▶ Given data

- - - - -

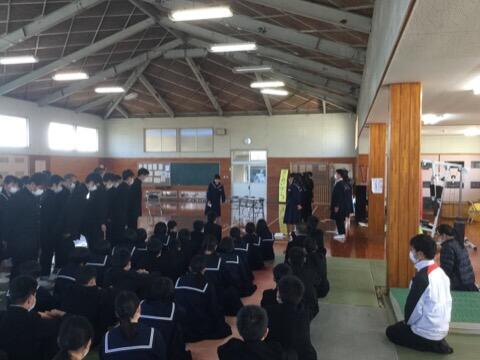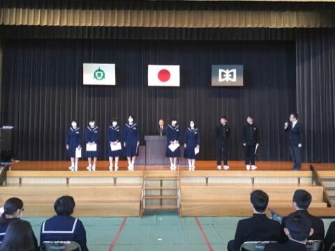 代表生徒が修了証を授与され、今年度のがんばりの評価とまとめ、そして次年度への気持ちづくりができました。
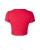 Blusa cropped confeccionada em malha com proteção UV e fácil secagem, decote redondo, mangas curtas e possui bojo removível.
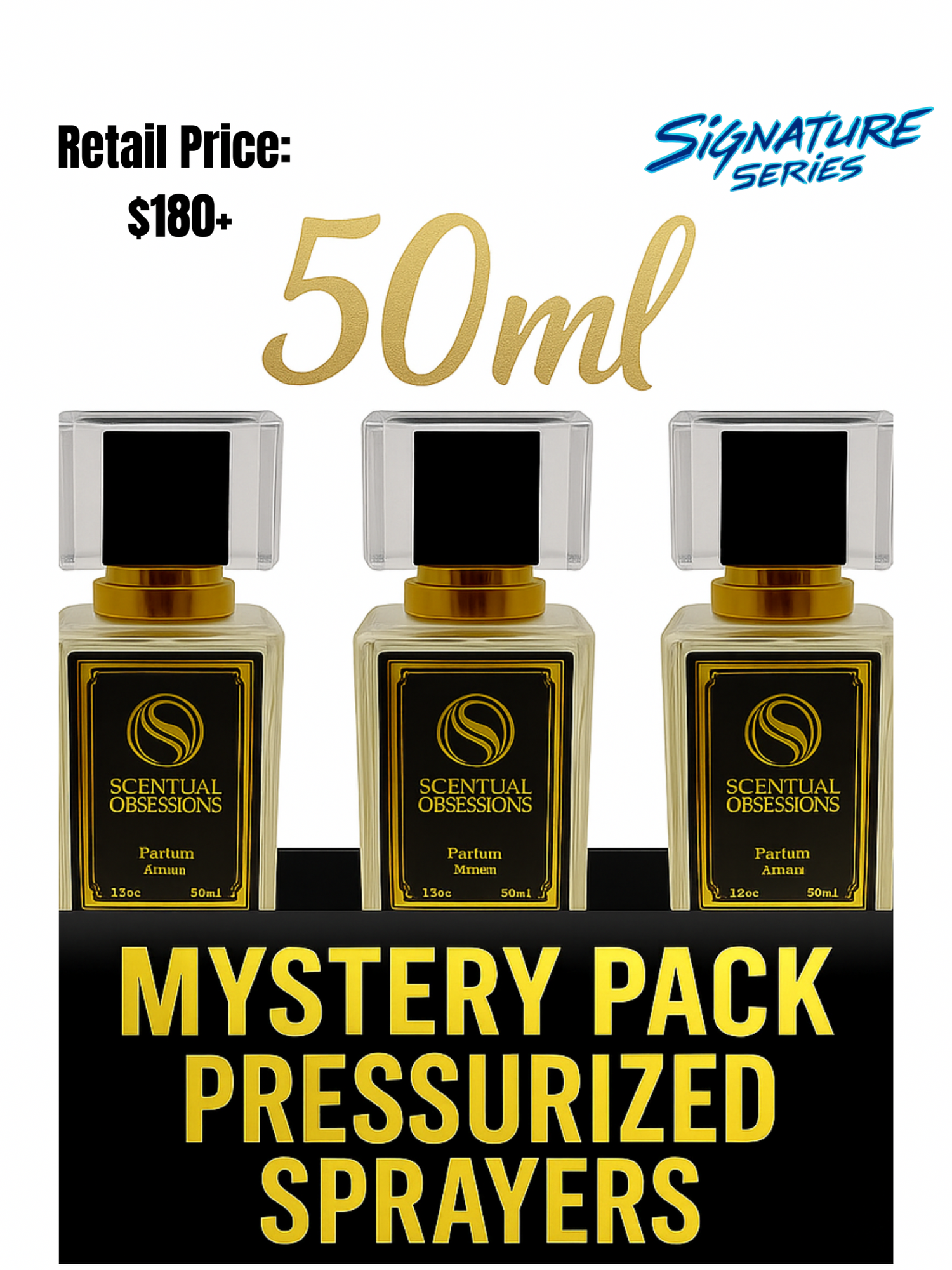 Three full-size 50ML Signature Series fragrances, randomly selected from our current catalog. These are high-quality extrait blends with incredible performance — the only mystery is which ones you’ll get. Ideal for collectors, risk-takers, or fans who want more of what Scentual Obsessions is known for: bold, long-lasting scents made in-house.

- - - - -

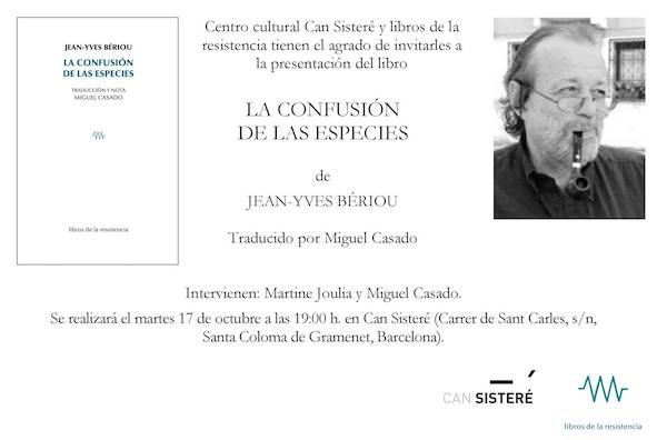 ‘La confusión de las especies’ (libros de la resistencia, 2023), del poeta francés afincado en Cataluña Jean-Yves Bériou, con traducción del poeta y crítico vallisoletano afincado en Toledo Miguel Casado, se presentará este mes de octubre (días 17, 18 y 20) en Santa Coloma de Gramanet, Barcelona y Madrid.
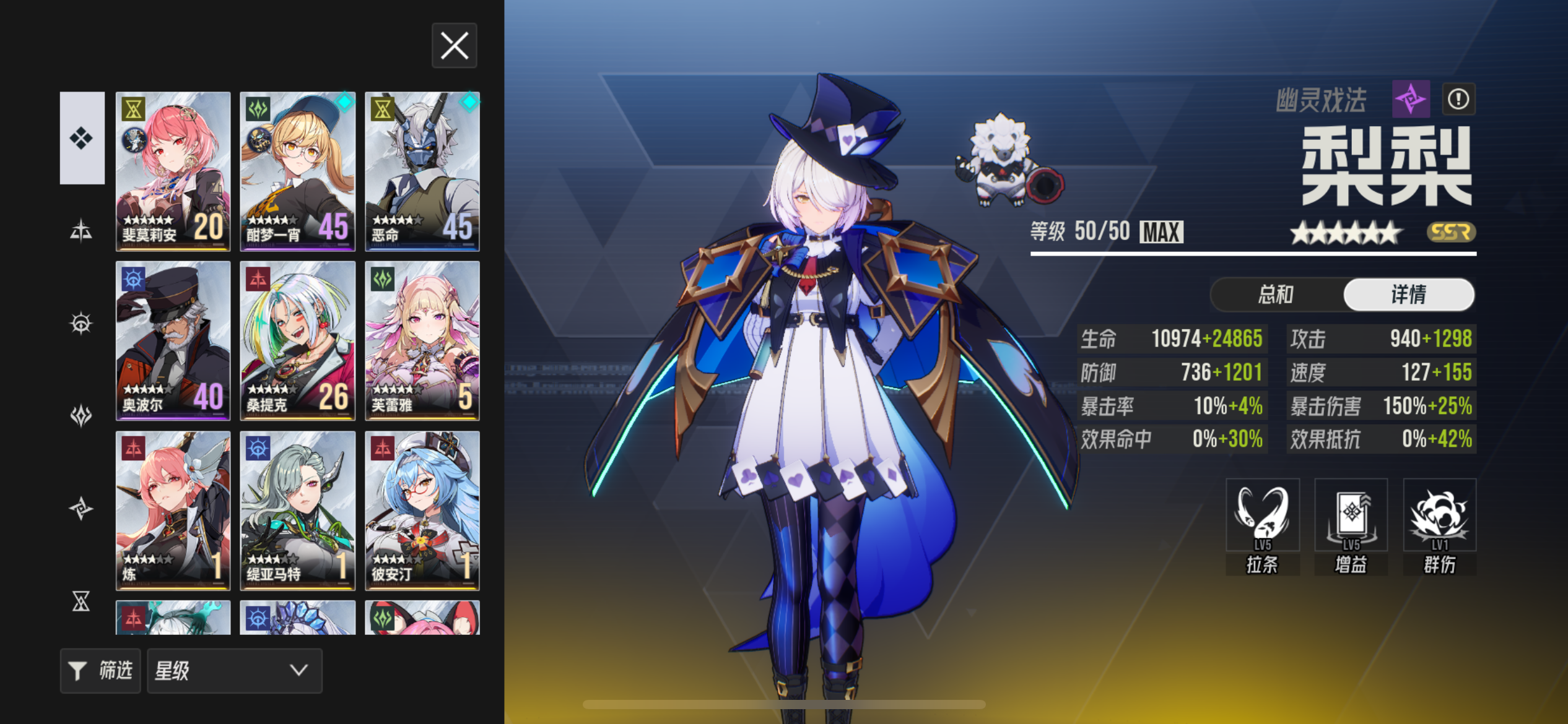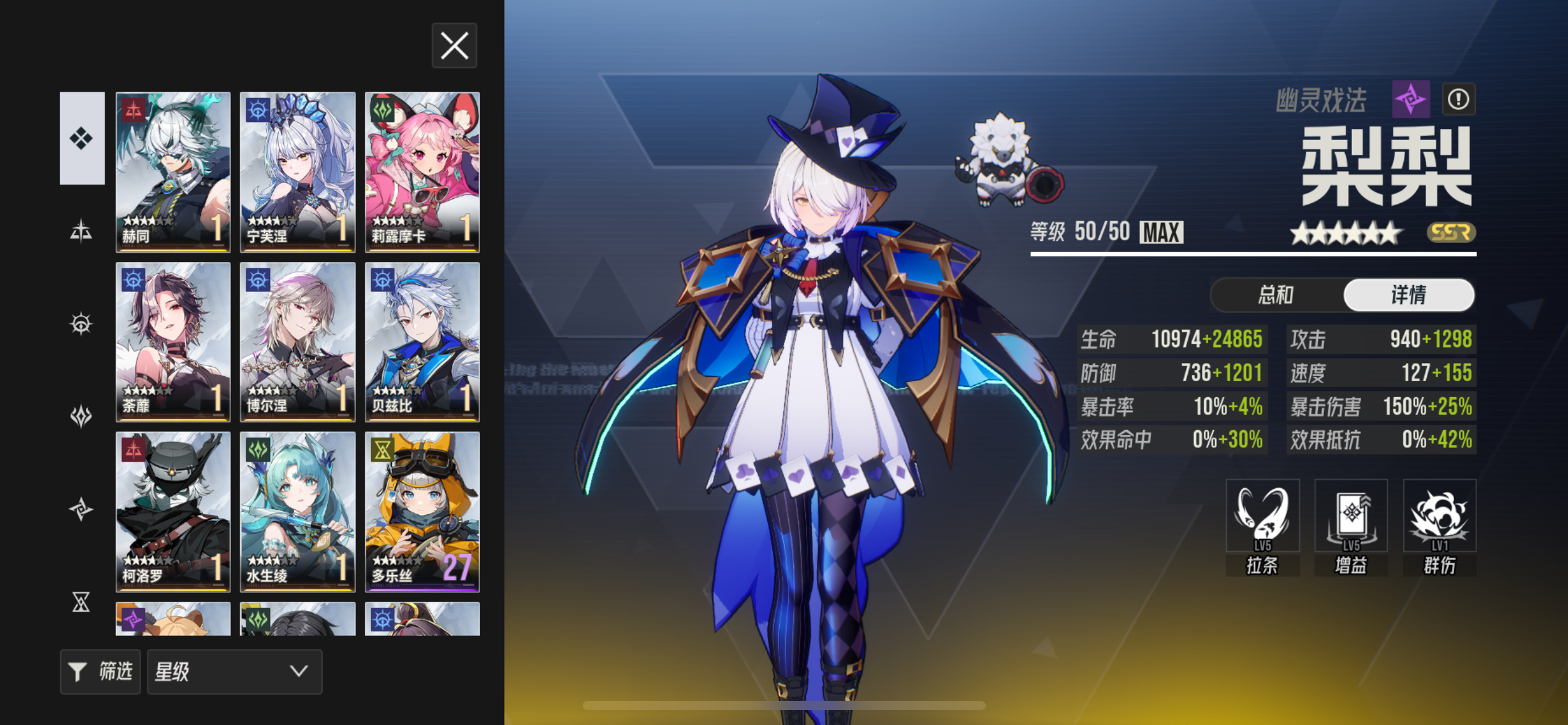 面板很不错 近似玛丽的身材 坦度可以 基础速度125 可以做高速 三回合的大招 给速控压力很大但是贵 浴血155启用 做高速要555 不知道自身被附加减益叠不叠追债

- - - - -

Every line above from the one with "代表生徒が修了証を授与され、" down to the one with "Three full-size 50ML" must be written out exactly, and no picture may appear.

▶ Written solution
 代表生徒が修了証を授与され、今年度のがんばりの評価とまとめ、そして次年度への気持ちづくりができました。
 Blusa cropped confeccionada em malha com proteção UV e fácil secagem, decote redondo, mangas curtas e possui bojo removível.
 Three full-size 50ML Signature Series fragrances, randomly selected from our current catalog. These are high-quality extrait blends with incredible performance — the only mystery is which ones you’ll get. Ideal for collectors, risk-takers, or fans who want more of what Scentual Obsessions is known for: bold, long-lasting scents made in-house.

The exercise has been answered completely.